◆ **Supplied material**:
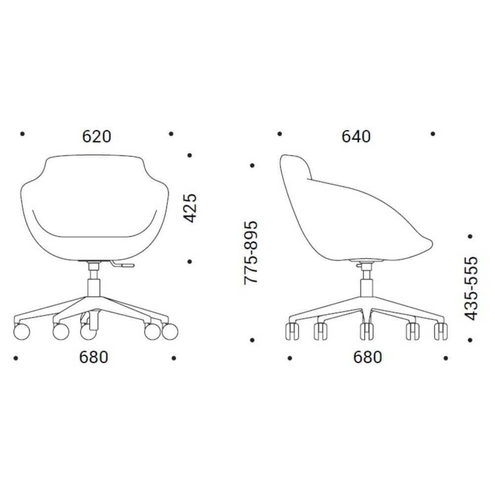 La forme enveloppante de la coque offre un excellent maintien du dos et une posture naturelle. L’assise rembourrée assure un confort durable, même en cas d’utilisation prolongée. La hauteur réglable de 435 à 555 mm permet d’ajuster la chaise à la morphologie et à la hauteur du bureau.
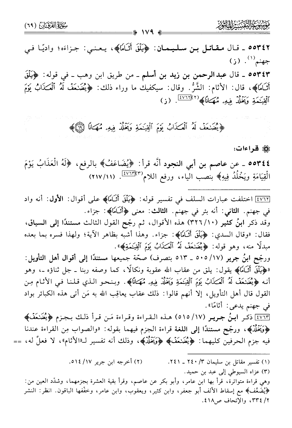 ٥٥٣٤٣ - قال عبد الرحمن بن زيد بن أسلم -من طريق ابن وهب- في قوله: {يلق أثاما}، قال: الأثام: الشَّرُّ. وقال: سيكفيك ما وراء ذلك: {يضاعف له العذاب يوم القيامة ويخلد فيه مهانا} (¬٢) [٤٧٦٢]. (ز)
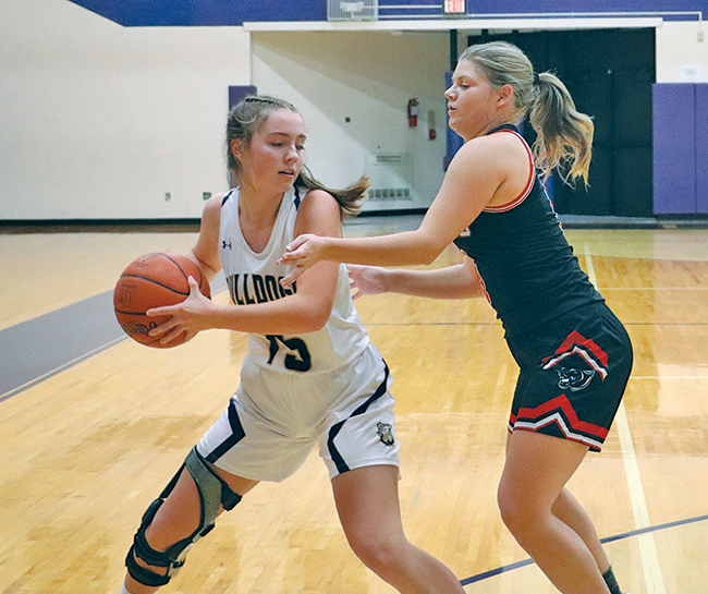 Ada girls get within 4 late, but rally falls just short in loss to McComb Posted on November 19, 2022 0 Back on the hardwoodAda’s Autumn Andreason (15) saw her first game action in two years during Friday night’s 49-40 home loss to Lima Central Catholic. She scored four points.Times photo/Richard Katterjohn ADA — The Ada girls basketball team played a much stronger second half, but it wasn’t enough as they lost its opener 49-40 Friday night against McComb at home. First-year Bulldog coach Zach Ricker said they gave everything they had to cut it to four late in the game, but the Panthers gained some separation when they needed it. He loved the fight and the toughness that he saw, especially when they were down 12 or 14 in the fourth quarter. He thinks there are a lot of positives from tonight’s game despite the defeat. Junior guard Olivia Burkhart scored a team-high 13 points, while senior guard Courtney Sumner bagged 12 and sophomore guard Lexi Poling went for five of her own. Ada trailed 21-13 at the break after only getting four points in the first quarter. The Bulldogs shook off the rust and got within striking distance in the fourth, but McComb countered and pulled away to win by nine. Next up, Ada is set to play at Cory-Rawson on Tuesday at 6 p.m.

◆ **Task objective**: Write out the listing above exactly, images omitted.

◆ **Exercise answer**:
 La forme enveloppante de la coque offre un excellent maintien du dos et une posture naturelle. L’assise rembourrée assure un confort durable, même en cas d’utilisation prolongée. La hauteur réglable de 435 à 555 mm permet d’ajuster la chaise à la morphologie et à la hauteur du bureau.
 ٥٥٣٤٣ - قال عبد الرحمن بن زيد بن أسلم -من طريق ابن وهب- في قوله: {يلق أثاما}، قال: الأثام: الشَّرُّ. وقال: سيكفيك ما وراء ذلك: {يضاعف له العذاب يوم القيامة ويخلد فيه مهانا} (¬٢) [٤٧٦٢]. (ز)
 Ada girls get within 4 late, but rally falls just short in loss to McComb Posted on November 19, 2022 0 Back on the hardwoodAda’s Autumn Andreason (15) saw her first game action in two years during Friday night’s 49-40 home loss to Lima Central Catholic. She scored four points.Times photo/Richard Katterjohn ADA — The Ada girls basketball team played a much stronger second half, but it wasn’t enough as they lost its opener 49-40 Friday night against McComb at home. First-year Bulldog coach Zach Ricker said they gave everything they had to cut it to four late in the game, but the Panthers gained some separation when they needed it. He loved the fight and the toughness that he saw, especially when they were down 12 or 14 in the fourth quarter. He thinks there are a lot of positives from tonight’s game despite the defeat. Junior guard Olivia Burkhart scored a team-high 13 points, while senior guard Courtney Sumner bagged 12 and sophomore guard Lexi Poling went for five of her own. Ada trailed 21-13 at the break after only getting four points in the first quarter. The Bulldogs shook off the rust and got within striking distance in the fourth, but McComb countered and pulled away to win by nine. Next up, Ada is set to play at Cory-Rawson on Tuesday at 6 p.m.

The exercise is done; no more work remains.